- [Exercise objective]:
Go to the line with "Part of the" in the records below, then output it and each following line exactly, up to and including the line with "O punho ergonómico, com". Skip pictures and add nothing.

- [Material for this task]:
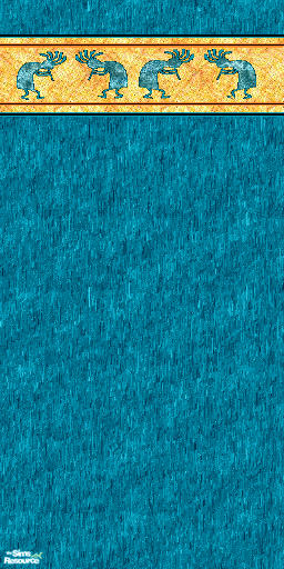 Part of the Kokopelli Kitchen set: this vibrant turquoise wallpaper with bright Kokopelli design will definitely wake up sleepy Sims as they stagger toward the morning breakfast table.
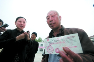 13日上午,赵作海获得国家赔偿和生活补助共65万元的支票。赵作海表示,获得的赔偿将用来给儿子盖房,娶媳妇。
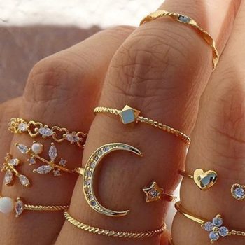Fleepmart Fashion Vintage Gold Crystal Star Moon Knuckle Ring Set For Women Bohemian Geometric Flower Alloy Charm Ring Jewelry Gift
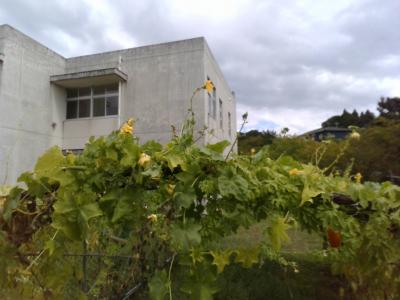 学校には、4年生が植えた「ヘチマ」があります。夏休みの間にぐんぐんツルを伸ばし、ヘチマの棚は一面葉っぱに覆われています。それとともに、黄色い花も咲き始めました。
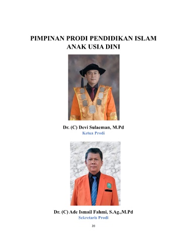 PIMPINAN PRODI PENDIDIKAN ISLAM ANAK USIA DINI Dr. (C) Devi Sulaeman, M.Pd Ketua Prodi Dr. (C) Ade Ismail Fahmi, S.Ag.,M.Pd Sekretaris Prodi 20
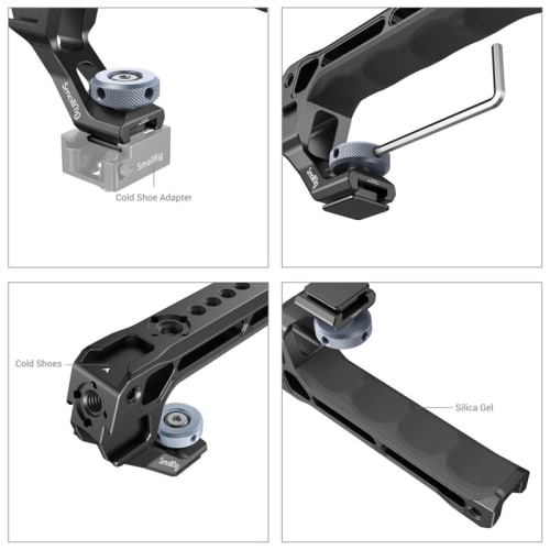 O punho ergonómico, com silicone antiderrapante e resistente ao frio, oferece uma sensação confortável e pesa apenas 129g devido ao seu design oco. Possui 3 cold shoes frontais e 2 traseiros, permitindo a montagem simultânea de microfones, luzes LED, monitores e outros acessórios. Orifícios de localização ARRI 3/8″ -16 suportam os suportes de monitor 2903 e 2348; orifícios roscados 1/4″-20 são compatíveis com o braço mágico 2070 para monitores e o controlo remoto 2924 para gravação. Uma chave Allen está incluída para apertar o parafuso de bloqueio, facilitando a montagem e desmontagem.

==

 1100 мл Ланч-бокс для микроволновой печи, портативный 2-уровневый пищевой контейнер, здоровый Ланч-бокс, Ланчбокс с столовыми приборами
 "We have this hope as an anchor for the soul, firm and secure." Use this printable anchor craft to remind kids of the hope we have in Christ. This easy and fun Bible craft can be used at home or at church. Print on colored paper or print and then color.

- [Response area]:
 Part of the Kokopelli Kitchen set: this vibrant turquoise wallpaper with bright Kokopelli design will definitely wake up sleepy Sims as they stagger toward the morning breakfast table.
 13日上午,赵作海获得国家赔偿和生活补助共65万元的支票。赵作海表示,获得的赔偿将用来给儿子盖房,娶媳妇。
Fleepmart Fashion Vintage Gold Crystal Star Moon Knuckle Ring Set For Women Bohemian Geometric Flower Alloy Charm Ring Jewelry Gift
 学校には、4年生が植えた「ヘチマ」があります。夏休みの間にぐんぐんツルを伸ばし、ヘチマの棚は一面葉っぱに覆われています。それとともに、黄色い花も咲き始めました。
 PIMPINAN PRODI PENDIDIKAN ISLAM ANAK USIA DINI Dr. (C) Devi Sulaeman, M.Pd Ketua Prodi Dr. (C) Ade Ismail Fahmi, S.Ag.,M.Pd Sekretaris Prodi 20
 O punho ergonómico, com silicone antiderrapante e resistente ao frio, oferece uma sensação confortável e pesa apenas 129g devido ao seu design oco. Possui 3 cold shoes frontais e 2 traseiros, permitindo a montagem simultânea de microfones, luzes LED, monitores e outros acessórios. Orifícios de localização ARRI 3/8″ -16 suportam os suportes de monitor 2903 e 2348; orifícios roscados 1/4″-20 são compatíveis com o braço mágico 2070 para monitores e o controlo remoto 2924 para gravação. Uma chave Allen está incluída para apertar o parafuso de bloqueio, facilitando a montagem e desmontagem.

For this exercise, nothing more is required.